DATA TO PROCESS below:
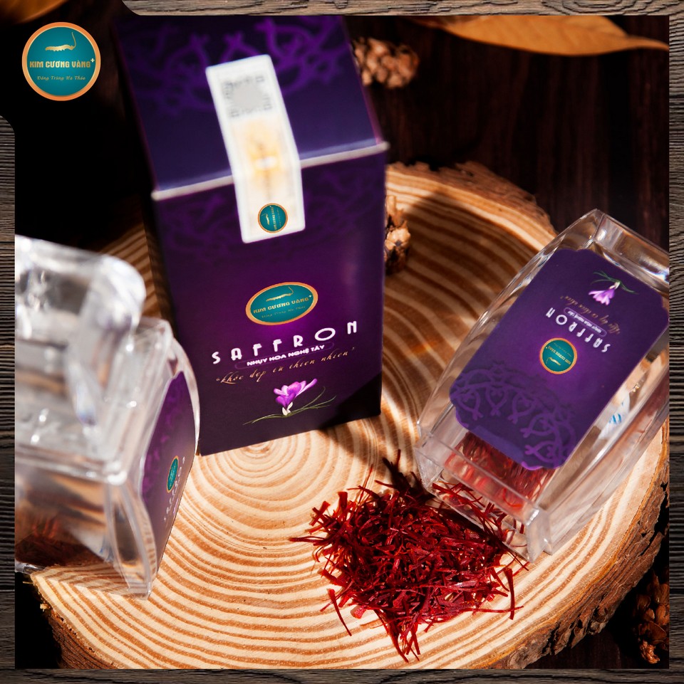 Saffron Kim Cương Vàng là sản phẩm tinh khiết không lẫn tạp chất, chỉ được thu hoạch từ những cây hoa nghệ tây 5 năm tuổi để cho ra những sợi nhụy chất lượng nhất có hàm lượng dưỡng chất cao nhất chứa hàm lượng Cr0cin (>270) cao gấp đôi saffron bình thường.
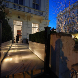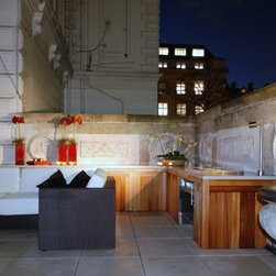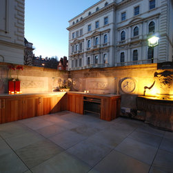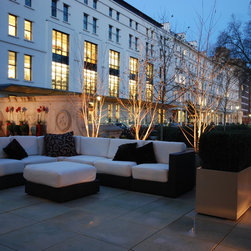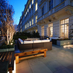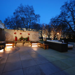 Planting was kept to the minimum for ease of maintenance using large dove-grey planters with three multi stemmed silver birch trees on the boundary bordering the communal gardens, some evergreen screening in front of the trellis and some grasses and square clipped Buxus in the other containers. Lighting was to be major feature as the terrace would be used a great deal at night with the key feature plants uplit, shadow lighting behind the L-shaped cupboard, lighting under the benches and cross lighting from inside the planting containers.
End of DATA TO PROCESS.
DATA TO PROCESS below:
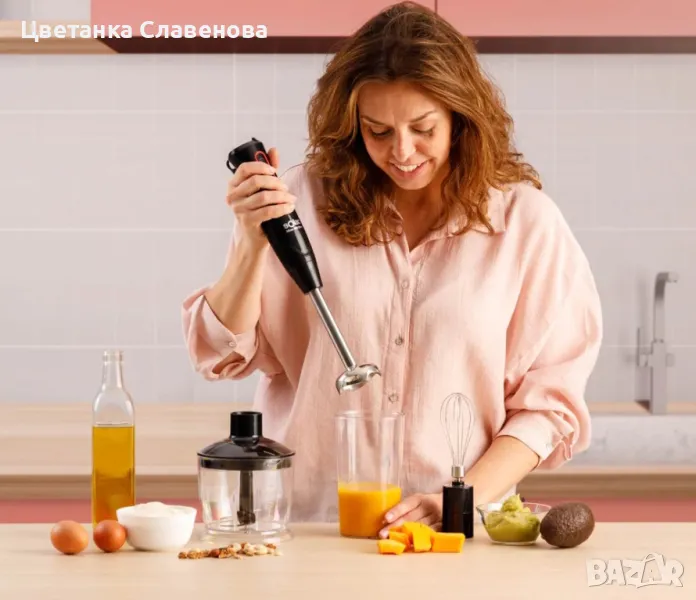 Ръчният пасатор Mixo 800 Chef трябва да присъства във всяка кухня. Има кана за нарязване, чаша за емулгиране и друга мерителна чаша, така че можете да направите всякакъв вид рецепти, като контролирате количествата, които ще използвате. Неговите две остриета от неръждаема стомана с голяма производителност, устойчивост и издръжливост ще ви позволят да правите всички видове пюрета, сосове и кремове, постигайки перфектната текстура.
End of DATA TO PROCESS.
### DIRECTIONS
Would you please repeat only the lines above, beginning at the one that has "Saffron Kim Cương" and stopping after the one that has "Planting was kept", exactly and with no pictures?

### OUTPUT OF THE TASK
 Saffron Kim Cương Vàng là sản phẩm tinh khiết không lẫn tạp chất, chỉ được thu hoạch từ những cây hoa nghệ tây 5 năm tuổi để cho ra những sợi nhụy chất lượng nhất có hàm lượng dưỡng chất cao nhất chứa hàm lượng Cr0cin (>270) cao gấp đôi saffron bình thường.
 Planting was kept to the minimum for ease of maintenance using large dove-grey planters with three multi stemmed silver birch trees on the boundary bordering the communal gardens, some evergreen screening in front of the trellis and some grasses and square clipped Buxus in the other containers. Lighting was to be major feature as the terrace would be used a great deal at night with the key feature plants uplit, shadow lighting behind the L-shaped cupboard, lighting under the benches and cross lighting from inside the planting containers.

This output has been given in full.